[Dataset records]
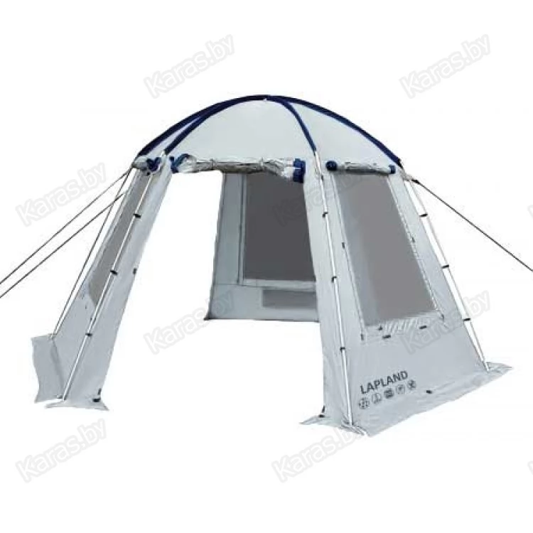 Входы и окна продублированы москитными сетками. Специальная "юбка" дополнительно защитит от ветра, влаги и насекомых. Штормовые оттяжки прошиты светоотражающей нитью.
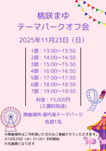 桃咲まゆ「テーマパークオフ会」日時2025年11月23日(日)13:00〜20:00 7部制/各部50分間/各部1名場所都内某テーマパーク (ご予約いただいた方のみご連絡させていただきます。)参加費13,000円 ※別途入園料が必要となります予約フォームhttps://www.quartet-online.n...
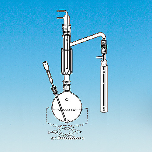 Used in testing for soluble and insoluble cyanides in water. Basically conforms to ASTM D 2036 (excluding modifications). Flask is 1L with 24/40 joint and #7 Ace-Thred permitting variable depth positioning of fill tube which has a float valve for added protection against boil back. Jacketed still head is lengthened for efficient condensing. Head and cold finger have a 29/42 joint and #11 Ace-thred on side arm. Two #11 bushings hold the threaded adapter to still head. 10-20m frit, 19/22 trap joint, and 8mm side arm threaded adapter.
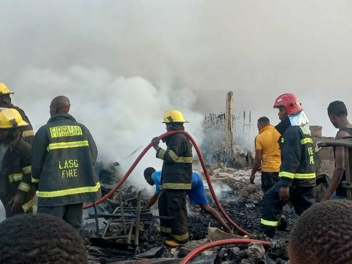 Fire has destroyed Goods worth millions of naira at Akere Spare Parts Market, Ajegunle in the Apapa area of Lagos
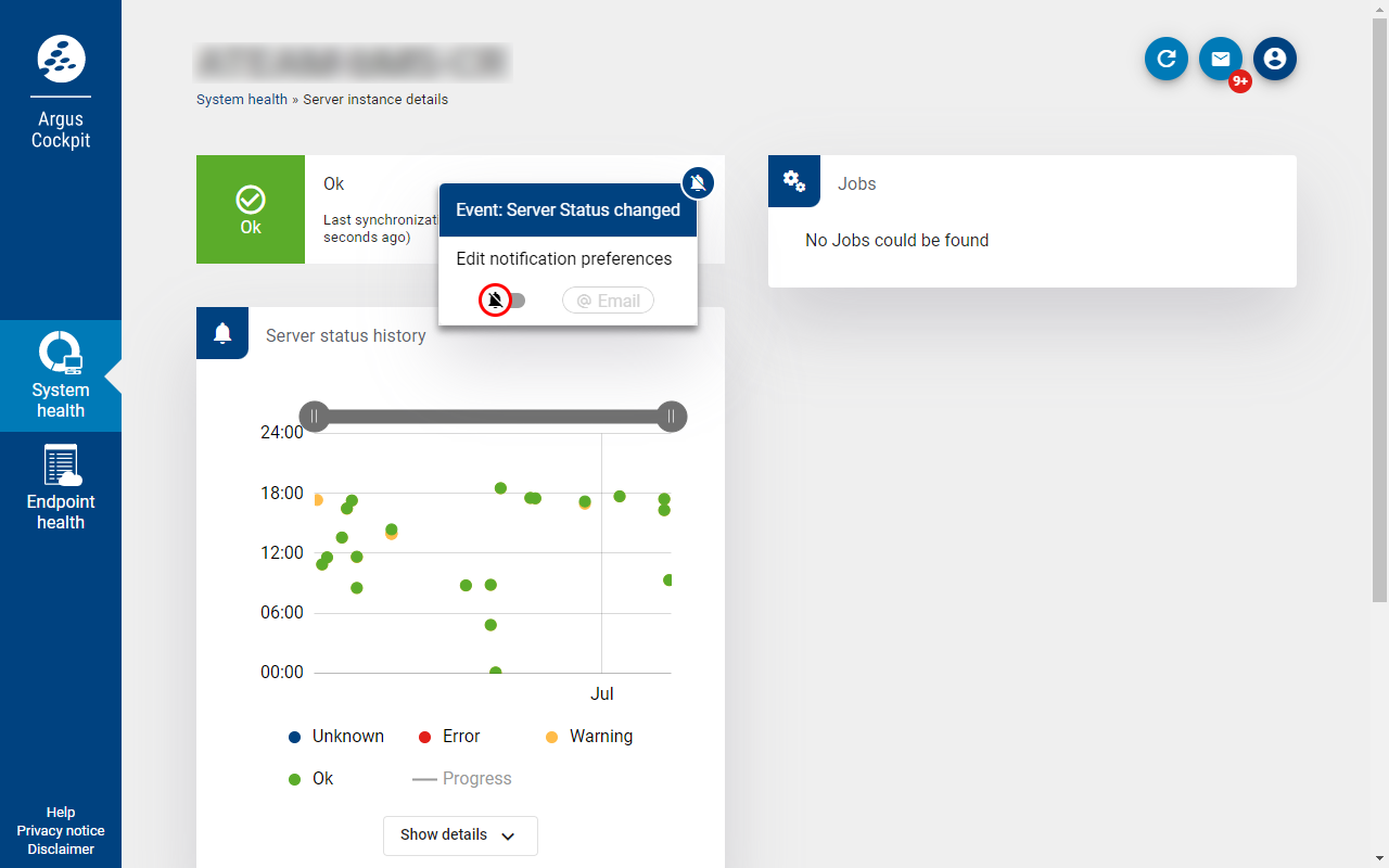 In der Kachel Serverstatus bearbeiten Sie über das Glockensymbol oben rechts die Einstellungen zu den Benachrichtigungen über Statuswechsel dieses Servers. Aktivieren oder deaktivieren Sie Benachrichtigungen über das Glockensymbol und wählen Sie zusätzlich über den E-Mail-Button, ob Sie E-Mail-Benachrichtigungen erhalten möchten.
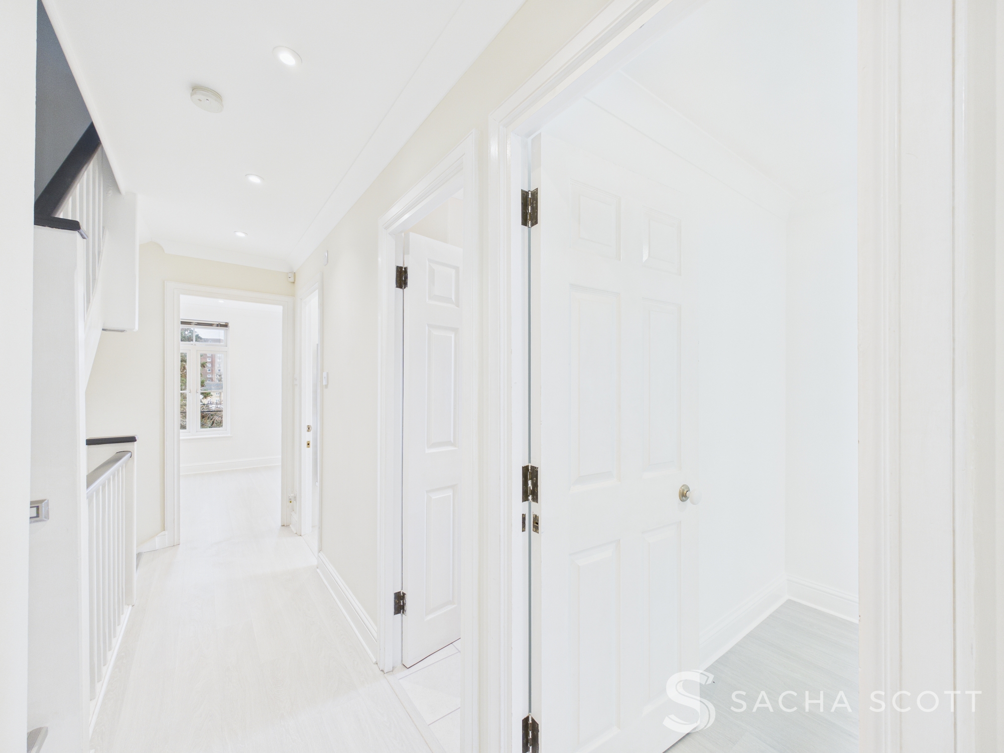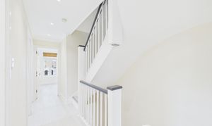 The hall landing offers neutral decor throughout.
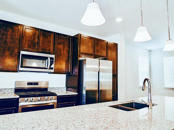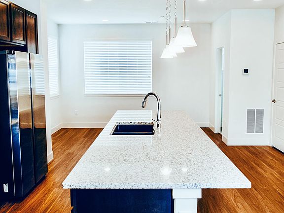 The open floor plan is perfect for those who love to entertain! The main living level includes a large kitchen with an enviable 10-foot granite eat-in island with an under-mount sink and four pendant lights. The kitchen also features gorgeous stainless steel appliances, 5" plank LVP wood flooring, and a built-in pantry.
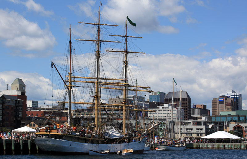 19 juillet : Retour sur Halifax le temps de profiter d'un Tall ship, c'est- à-dire un rassemblement de vieux gréements (essentiellement venus des US ) prévu du 19 au 22 juillet. Ces vieux grééments, histoire de la marine à voile, sont toujours un plaisir pour les yeux. On imagine les manoeuvres nécessaires pour manipuler toutes ces voiles et hisser la voilure dans la mâture. Que penser des manoeuvres de réduction de cette même voilure dans le mauvais temps? La vie sur ces voiliers était dure, coriace et les marins endurants.

> Brief:
Quote exactly, and only, the lines from the line containing "The open floor" through the final line of the records above, both included, omitting any pictures.

> Task response:
 The open floor plan is perfect for those who love to entertain! The main living level includes a large kitchen with an enviable 10-foot granite eat-in island with an under-mount sink and four pendant lights. The kitchen also features gorgeous stainless steel appliances, 5" plank LVP wood flooring, and a built-in pantry.
 19 juillet : Retour sur Halifax le temps de profiter d'un Tall ship, c'est- à-dire un rassemblement de vieux gréements (essentiellement venus des US ) prévu du 19 au 22 juillet. Ces vieux grééments, histoire de la marine à voile, sont toujours un plaisir pour les yeux. On imagine les manoeuvres nécessaires pour manipuler toutes ces voiles et hisser la voilure dans la mâture. Que penser des manoeuvres de réduction de cette même voilure dans le mauvais temps? La vie sur ces voiliers était dure, coriace et les marins endurants.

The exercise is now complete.